The health risks of adults and children under different exposure routes were calculated, and the results were exhibited in Table S8. Contrasting the three exposure routes, it could be found that both the non-carcinogenic risk entropys and carcinogenic risk indexs of children and adults were all expressed as oral ingestion > dermal contact > respiratory inhalation.

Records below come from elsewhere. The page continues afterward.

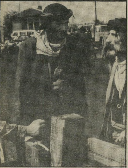
העדר בא העירה בעוצמה משכנעת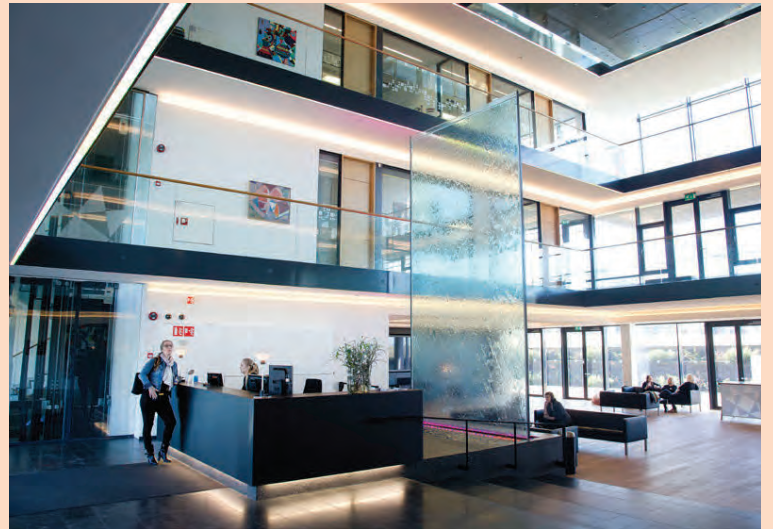
Hlutafjárboð og skráning Arion frestast fram á næsta ár.

Samkvæmt ákvörðun FME teljast Taconic og Kaupþing vera í samstarfi í skilningi laga um fjármála-fyrirtæki. Vogunarsjóðurinn er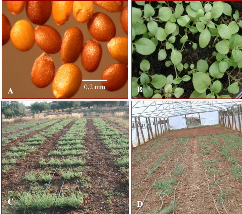
Figura 7 Poejo ( Mentha pulegium ): A - sementes; B – plântulas; C – cultura ao ar livre e, D – cultura em estufa (Empresa Estrela Afonso, Elvas).

propagação vegetativa com M. cervina verificou-se que as taxas de sobrevivência são mais elevadas quando se propagam estacas terminais e quando o substrato é uma mistura de turfa e perlite (1:1) (Monteiro, 2006).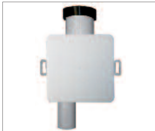
Рис. 4. Сифон для кондиционеров HL138 скрытого монтажа

приборы оборудуются гидрозатвором для предотвращения попадания загрязненного воздуха из канализационных трубопроводов в помещения, где могут находиться люди. А любой гидрозатвор можно представить в виде U-образной трубки. Одна ветвь гидрозатвора всегда каким-либо образом присоединяется к канализационным трубопроводам, другая ветвь гидрозатвора всегда сообщается с атмосферой. Поэтому вода из гидрозатвора свободно испаряется. Если прибором не пользоваться, т. е. не сливать в него воду, то в течение 20–30 дней вода из гидрозатвора испаряется и загрязненный воздух беспрепятственно попадает в систему кондиционирования здания.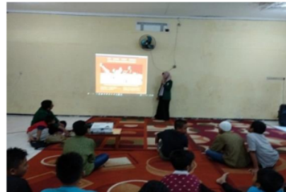
Gambar 2. Pembelajaran anak negeri bertema nasionalisme

Dari tabel dan grafik diatas dapat diketahui bahwa setelah peserta didik mengikuti serangkaian program “Pembelajaran Anak Negeri” yang dilakukan dengan pemberian materi tentang kreativitas, nasionalisme dan spiritualitas diikuti dengan permainan edukasi oleh tim FK UNUSA, nasionalisme dan spiritualitas peserta program meningkat, sedangkan radikalisme menurun.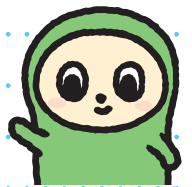
日本語検定公式キャラクター にはごん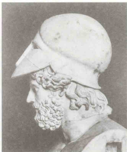
雅典海军统帅提米斯托克利斯雕像。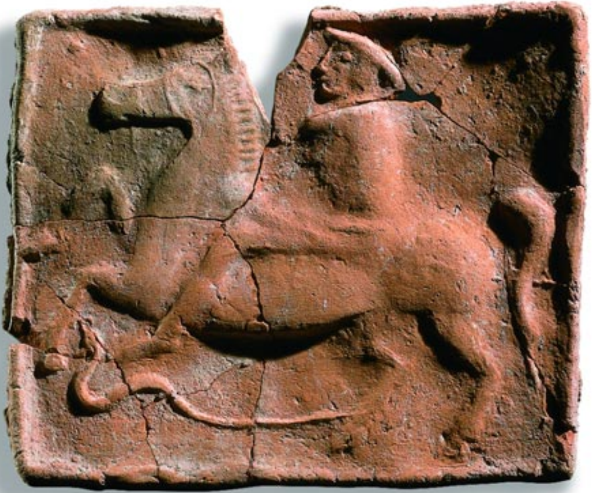
Batı Tapınağı'ndaki süvari plakası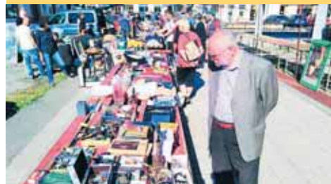
Neděle na prostějovské tržnici budou jednou měsíčně opět patřit bleším trhům.

PROSTĚJOV Sběratelské a bleší trhy se vrací do Prostějova. Oblíbené akce se opět budou pravidelně konat na prostějovské tržnici. Vůbec první z nich je naplánována na neděli 19. dubna od 8 do 11 hodin.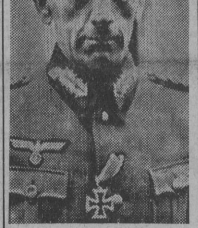
Ofrecemos a nuestros lectores la primera foto del héroe jefe de la "División Azul", general Muñoz Grande, con la Cruz de Hierro alemana, concedida por el Führer por su comportamiento heroico y el de sus fuerzas en la lucha contra el comunismo.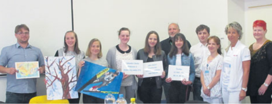
Spolupráce mezi ZŠ Jirákovy sady a příbramskou nemocnicí probíhá už několik let.

Žáci Základní školy v Jirákových sadech v Příbrami předali dětskému oddělení Oblastní nemocnice Příbram finanční dar. Zároveň nemocnici věnovali obrázky z výtvarného kroužku, které přispějí ke zkrášení prostoru nemocnice.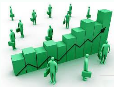
Кількість підприємств за їх розмірами (одиниць)

It authenticated that oral ingestion was the chief exposure pathway for non-carcinogenic and carcinogenic health risks. Previous studies have also reached the same conclusion that oral ingestion was the master pattern of human exposure to dust TE ( Shahab et al., 2018; Adewumi and Laniyan, 2020; Shah et al., 2020; Behnam et al., 2020).